*** Block opens ***

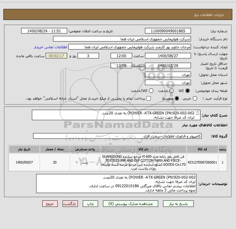شرح کلی نیاز: POWER -ATX-GREEN (PN:920-002-002) به تعداد 20عدد.
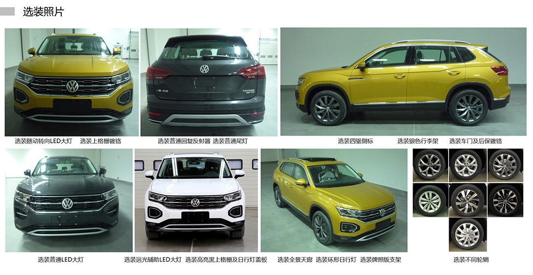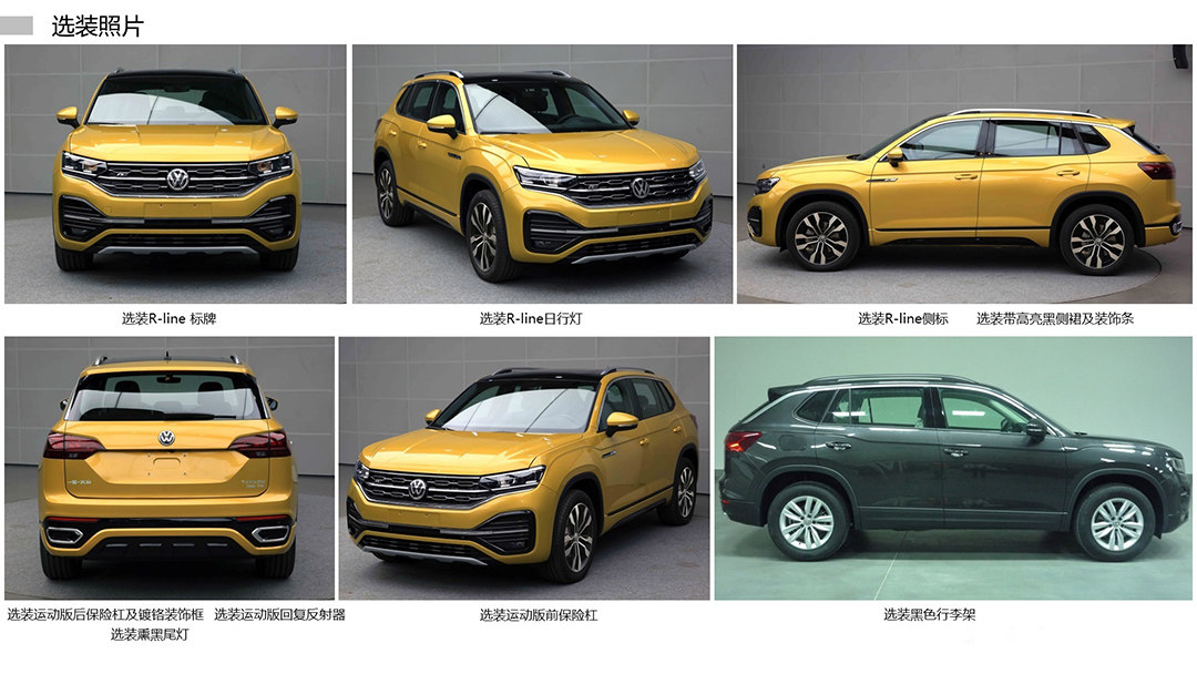 日前,我们获得一组一汽-大众TAYRON探荣申报图,从申报图可以看出,新车前脸雾灯处根据车型不同将提供环形LED日行灯和条形LED日行灯可选,此外其还将提供R-Line车型可供选择。
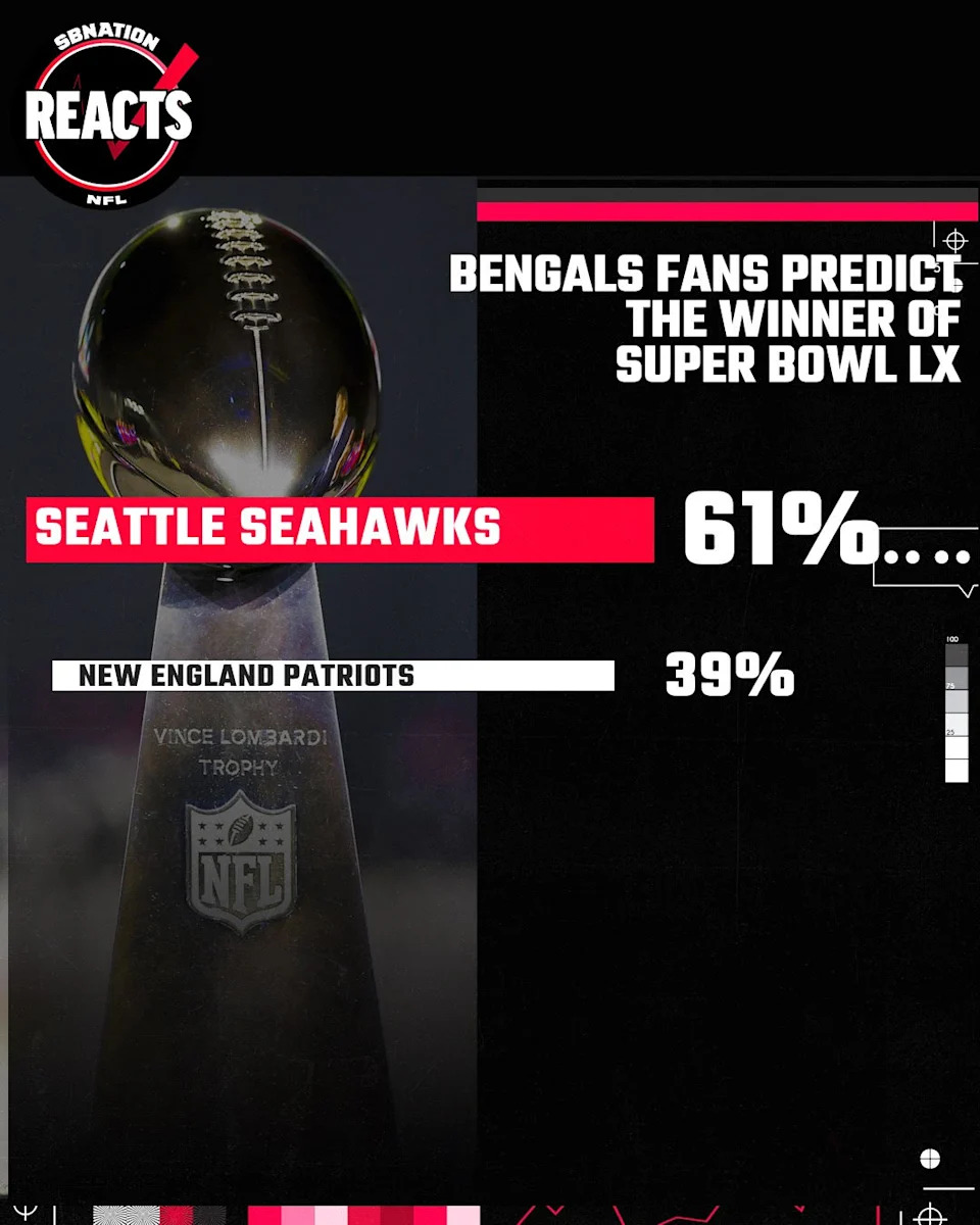 The Bengals don’t have a lot at stake on Sunday, but that doesn’t mean they won’t be tuning in. According to a recent SB Nation poll, 61% of Bengals fans predict it will be Darnold and the Seahawks that hoist the Lombardi when it’s all said and done.
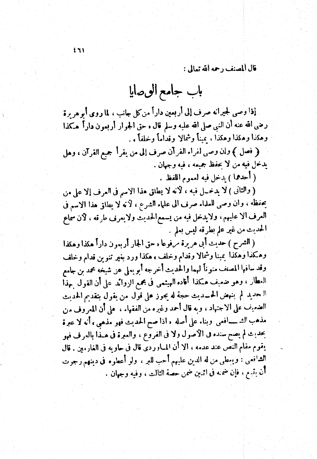 (الشرح) حديث ابى هريرة مرفوعا (حق الجار اربعون دارا هكذا وهكذا وهكذا وهكذا يمينا وشمالا وقدام وخلف) هكذا ورد بغير تنوين قدام وخلف وقد سافها المصنف منونا لهما والحديث اخرجه أبو يعلى عن شيخه محمد بن جامع العطار، وهو ضعيف هكذا افاده الهيثمى في مجمع الزوائد على ان القول بهذا الحديد لم ينهض الحديث حجة له يجوز على قول من يقول بتقديم الحديث الضعيف على الاجتهاد، وبه قال احمد وغيره من الفقهاء، على ان المعروف من مذهب الشافعي وبناء على اصله (إذا صح الحديث فهو مذهبي) انه لا عبرة بحديث لم يصح سنده في الاصول ولا في الفروع، والعبرة في هذا بالعرف فهو يقوم مقام النص عند عدمه، الا ان الماوردى قال في حاويه في الغارمين.
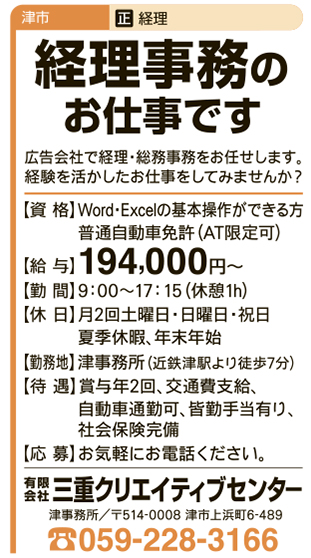 津市北丸之内12番 セントラルアーク津501 TEL:059-224-9000 津田・小野
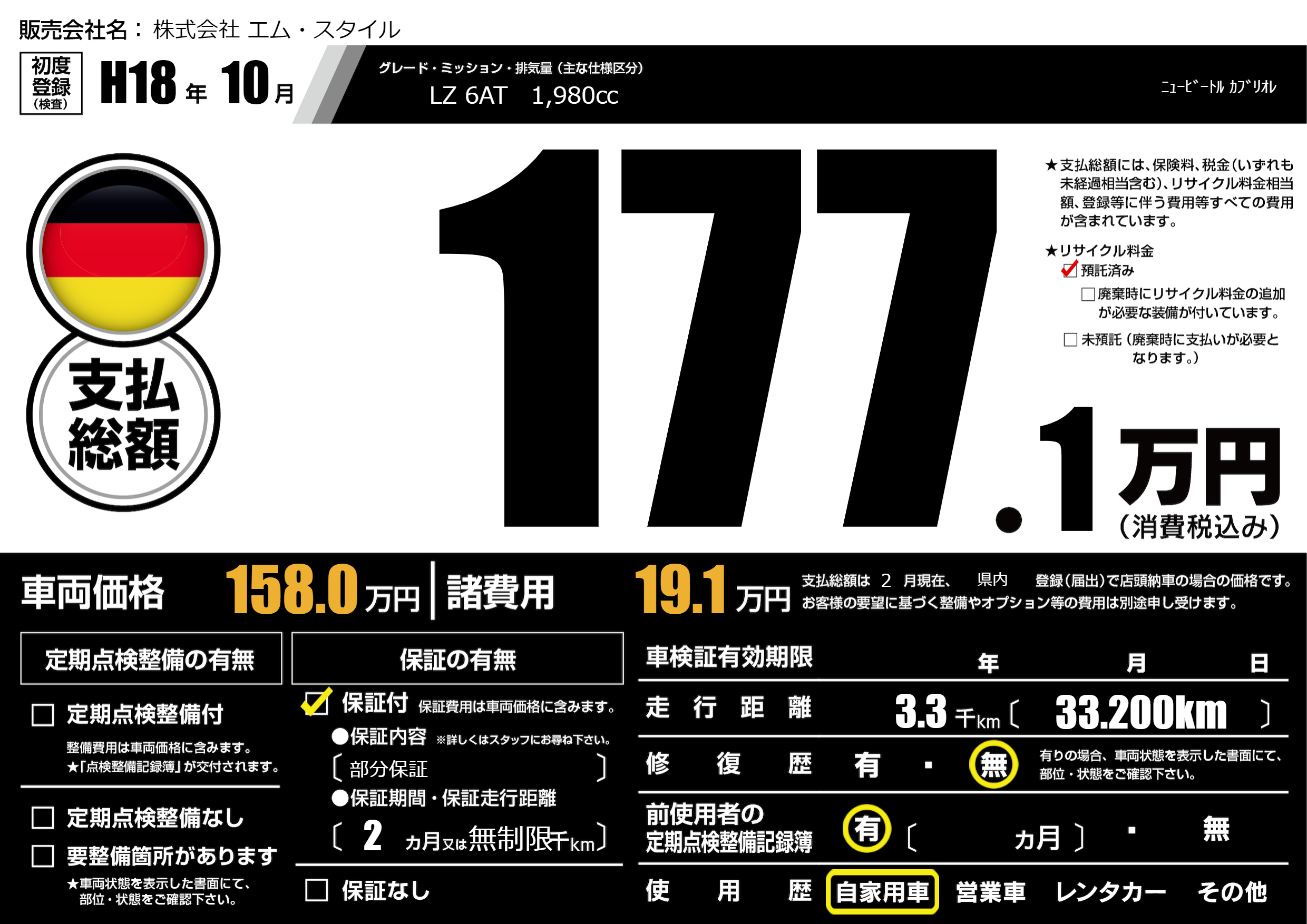 | 走行キロ | 0.3万km | 初年度登録 | H18年10月 |
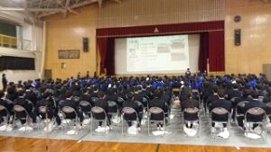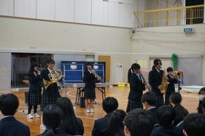 学校の様子4月13日に新入生歓迎オリエンテーションを開催しました。生徒会本部からは、本年度のスローガンや生徒会組織等についての提案、各部活動からは実演を交えた部活紹介がありました。1年生代表からは、新生活に向けた決意が堂々と述べられました。
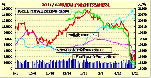 5月24日電子撮合量倉(cāng)均減,均價(jià)反彈。隔夜,市場(chǎng)圍繞希臘能否繼續(xù)留在歐元區(qū)的質(zhì)疑升溫推動(dòng)美元繼續(xù)走高,外部商品市場(chǎng)普遍延續(xù)跌勢(shì),紐約期棉同樣受累大幅下挫,主力7月合約結(jié)算價(jià)71.51美分/磅,跌301點(diǎn),遠(yuǎn)期12月合約68.75美分/磅,跌282點(diǎn)。今日撮合市場(chǎng)開盤高低不一,隨后窄幅走高,終盤全線收漲。交易總成交16420噸,較上一日減少6820噸,訂貨量減少2100噸,累計(jì)訂貨132720噸。近日中國(guó)政府稱將采取更多刺激措施的政策傾向,或是疲軟市場(chǎng)的一劑強(qiáng)心劑。
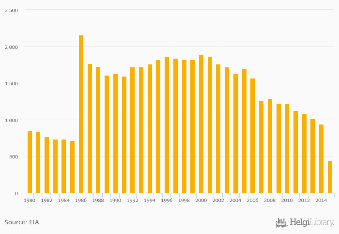 Historically, kerosene consumption in the World reached an all time high of 2,153 '000 bpd in 1986 and an all time low of 445 '000 bpd in 2015. When compared to World's main peers, kerosene consumption in China amounted to 25.3 '000 bpd, 0.110 '000 bpd in Germany, 297 '000 bpd in Japan and 9.00 '000 bpd in USA in 2015.
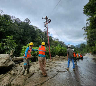 Upaya percepatan recovery gangguan pasca longsor. PLN melakukan perbaikan konstruksi tiang Tegangan Menengah (TM) yang rusak, mengganti kabel A3C 150 mm² sepanjang 0,2 kms dan mengganti tiang beton 12 meter sebanyak 1 batang.
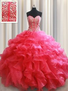 Deluxe Sweetheart Sleeveless Organza Sweet 16 Dress Beading and Ruffles Lace Up
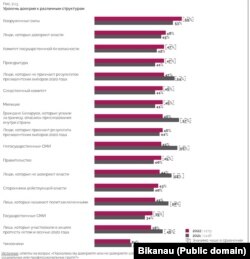 - Зацятыя прыхільнікі (9%) — вельмі давяраюць дзяржаўным структурам і не давяраюць недзяржаўным інстытутам.
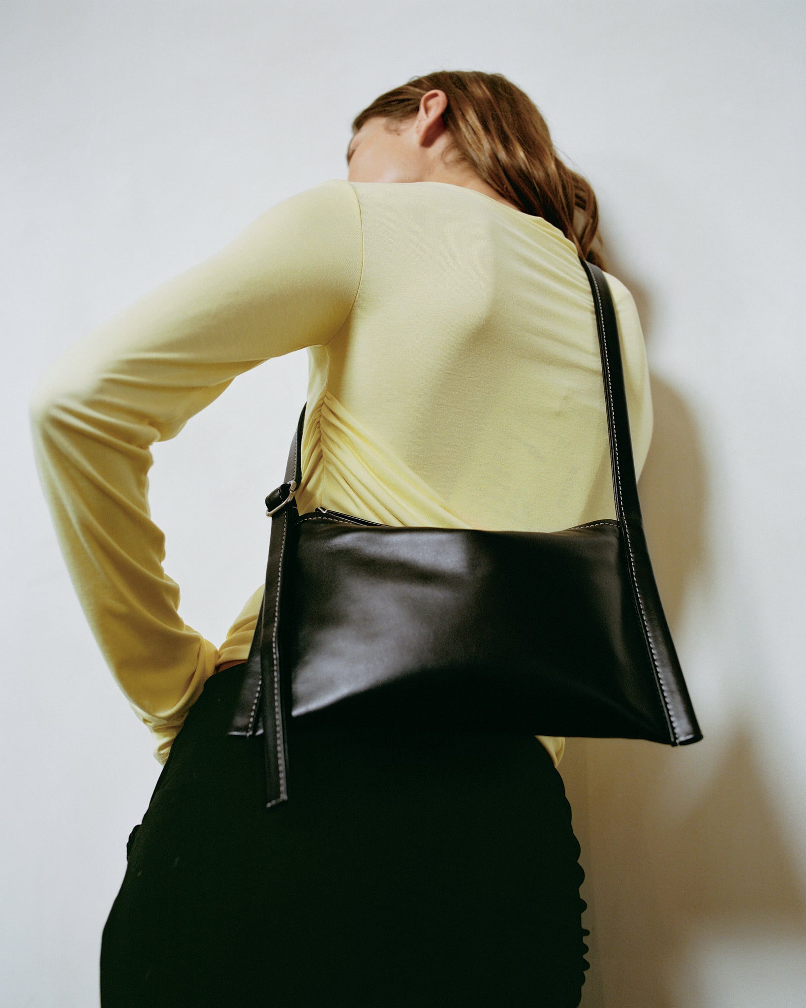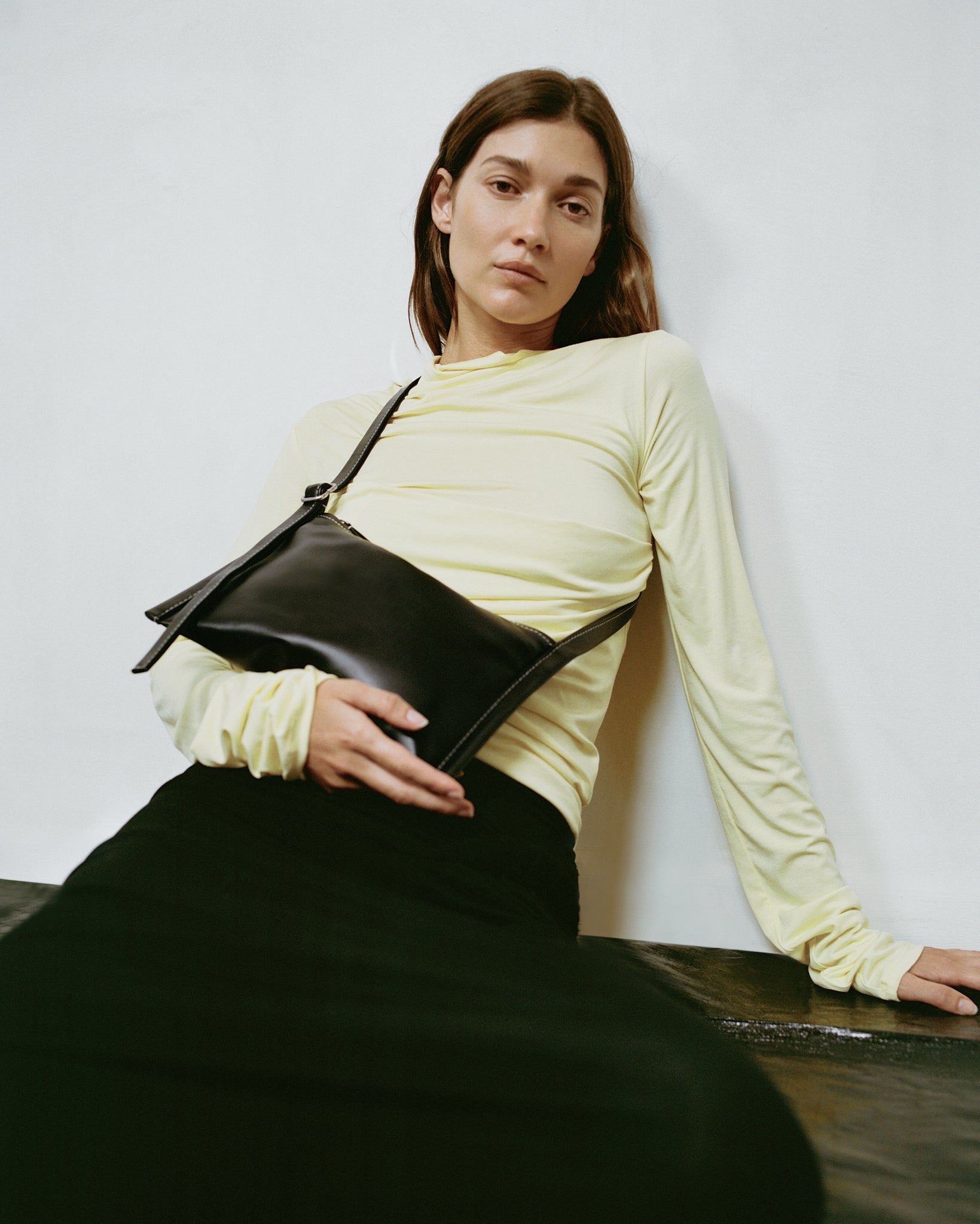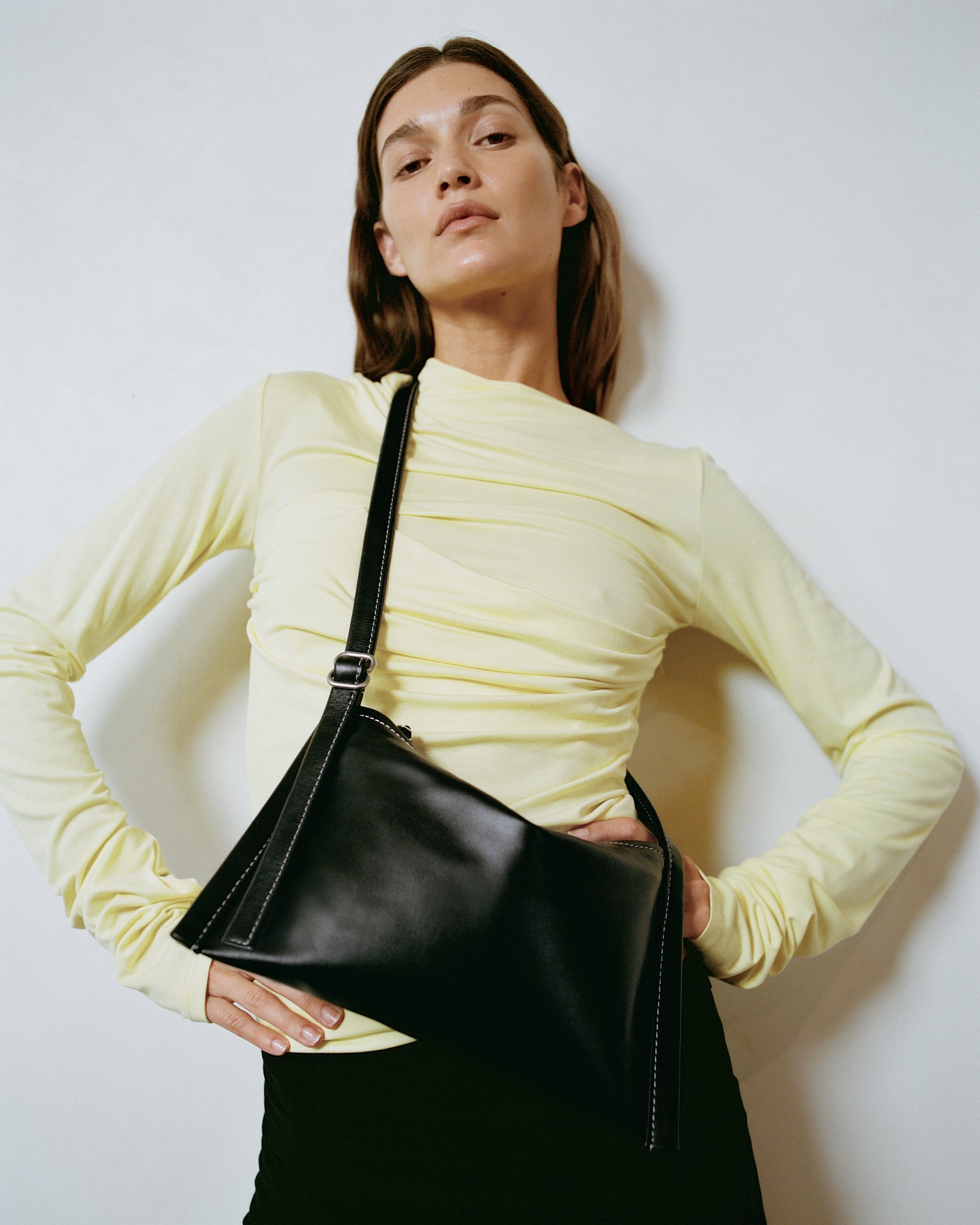 Finely honed in its simplicity and detail, this essential bag is made for every occasion. The Black hue is deep and lustrous, with a supple feel, smooth finish, and sumptuous touch. Contrasted white stitching frames the silhouette, adding refined definition and a contemporary edge. It sits flat yet shapes naturally around what it carries, making it the perfect travel companion. Its adjustable strap offers effortless versatility, carrying with ease from day to evening.
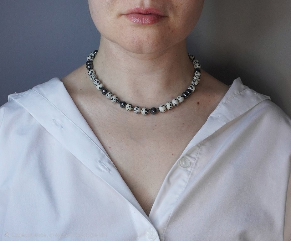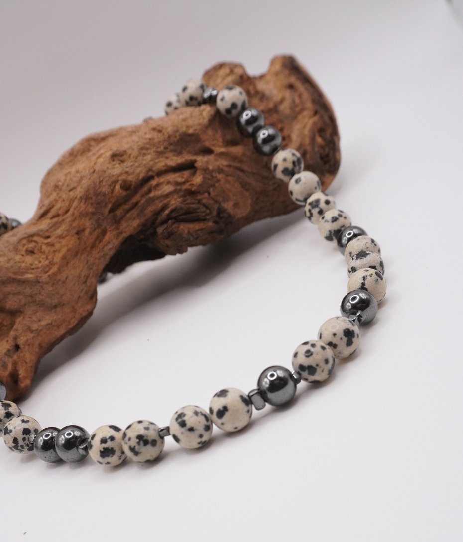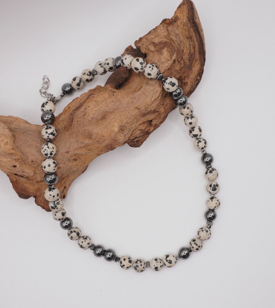Głównym motywem jest jaspis dalmatyńczyk, zachwycający swoimi naturalnymi, czarnymi plamkami na jasnym tle. Kompozycja została przełamana błyszczącymi kulkami ciemnego hematytu, które nadają całości elegancji i biżuteryjnego blasku. To idealny wybór dla osób, które kochają monochromatyczne zestawy i stylizacje oparte na bieli, czerni i szarościach.

*** Block closes ***

_What needs to be done:_ Using the data above, return the lines from the one holding "Deluxe Sweetheart Sleeveless" through the one holding "- Зацятыя прыхільнікі" exactly, but not the pictures.

_Solution to this task:_
 Deluxe Sweetheart Sleeveless Organza Sweet 16 Dress Beading and Ruffles Lace Up
 - Зацятыя прыхільнікі (9%) — вельмі давяраюць дзяржаўным структурам і не давяраюць недзяржаўным інстытутам.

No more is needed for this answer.